2. Testing dan debugging lebih ringan
Arsitektur monolith juga terlalu mungkin kami untuk sanggup mengetes proses bersama lebih mudah. Hal ini sebab fitur dan komponen aplikasi berada dalam satu codebase agar sanggup berkomunikasi secara segera tanpa butuh protokol khusus. Ini berbeda bersama microservice yang kudu mempersiapkan servis-servis berkenaan dan juga memikirkan langkah komunikasi pada servis satu bersama lainnya.
3. Deployment lebih simple
Proses deployment aplikasi monolith jauh lebih simple sebab seluruh fitur/komponen berada pada satu codebase yang sama. Hal ini berbeda bersama pendekatan microservice yang kudu memikirkan strategi deployment untuk masing-masing layanan yang dijalankan.
Batasan disaat Menerapkan Monolith
Selain kelebihan-kelebihan di atas, arsitektur ini juga miliki lebih dari satu keterbatasan yang sanggup kamu simak di bawah ini.
1) Usaha ekstra untuk menjaga kode agar tetap bersih
Seiring berjalannya waktu, codebase aplikasi monolith tentu dapat makin tambah besar dan kompleks. Hal ini tentu jadi tantangan tersendiri dalam menjaga kode agar tetap bersih, ringan dibaca, dan dipahami. Belum lagi disaat ada seorang engineer baru yang berhimpun dalam tim. Jika belum miliki kebiasaan bekerja bersama codebase besar, sanggup jadi mereka dapat jadi terintimidasi sebab banyaknya faktor dan komponen yang kudu dipelajari.
2) Skalabilitas
Ketika aplikasi tidak sanggup mengatasi kebutuhan sebab lonjakan pengguna, opsi yang ada adalah meningkatkan sumber energi keseluruhan ( vertical scaling ) atau membawa dampak lebih dari satu instance dari aplikasi ( horizontal scaling ).
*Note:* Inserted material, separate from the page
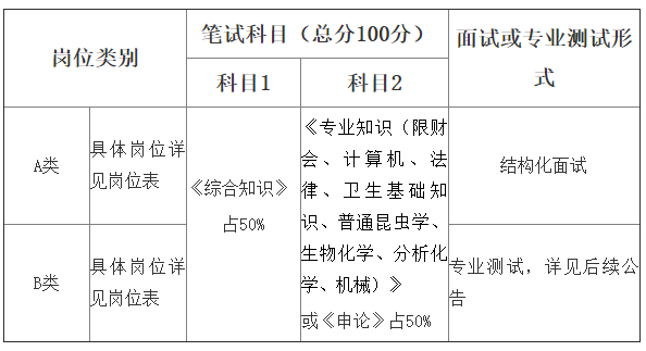 1、筆試工作由市人社部門統(tǒng)一組織,采取閉卷形式進行,考試科目根據(jù)崗位類別如下表:

Pada aplikasi monolith, kami tidak sanggup menyesuaikan skalabilitas di level fitur/komponen. Hal ini sebab tiap komponen bukanlah servis yang berlangsung secara independen.
3) Perubahan
Mengubah kode pada aplikasi monolith sanggup jadi satu perihal yang menakutkan. Bisa jadi kode yang diubah jadi dependensi di banyak daerah oleh lebih dari satu komponen yang berbeda. Satu pergantian kecil sanggup berpengaruh besar pada keseluruhan aplikasi. Tugas ini sanggup jadi tambah sulit jika kami tidak mendesain dan pelihara kode aplikasi bersama baik.
Memilih Arsitektur yang Tepat
Oke, saat ini kami telah sedikit sadar tentang karakteristik aplikasi monolith secara umum. Beberapa berlebihan di atas mungkin tidak 100% relevan di tiap tiap tim. Hal ini sebab pilih arsitektur aplikasi bukan cuma perkara teknis saja, tetapi juga ada faktor lain yang kudu diperhatikan, sekiranya ukuran tim dan ketersediaan sumber daya. Pendekatan monolith sesuai digunakan jika kamu sedang menjalani sebuah startup, di mana cuma terkandung lebih dari satu engineer saja yang bertugas membangun aplikasi.
Pada skala organisasi yang lebih besar, sanggup jadi pendekatan monolith jadi tidak cukup relevan sebab keterbatasan dalam berkolaborasi. Di step ini, lebih dari satu perusahaan mungkin dapat berubah ke pendekatan microservice sembari merestrukturisasi organisasinya. Namun, ada juga perusahaan layaknya Basecamp yang tetap pilih bertahan bersama monolith bersama segala konsekuensinya. Mereka apalagi bersama bangga dan sadar pilih untuk memaksimalkan pendekatan ini; kemudian menyebutnya Majestic Monolith .
Keterbatasan yang dimiliki aplikasi monolith sesungguhnya sanggup diakali bersama menerapkan praktik-praktik engineering lainnya. Misalnya untuk menjaga kode agar tetap bersih, kami sanggup memasang linter atau pun **menerapkan praktik code review. Lebih lanjut lagi, kami sanggup memakai pendekatan Domain-Driven Design (DDD) untuk memodelkan proses usaha jadi bentuk kode agar lebih ringan dipahami. Kemudian kami juga sanggup menerapkan automated testing untuk mengurangi kegelisahan disaat membawa dampak pergantian pada kode.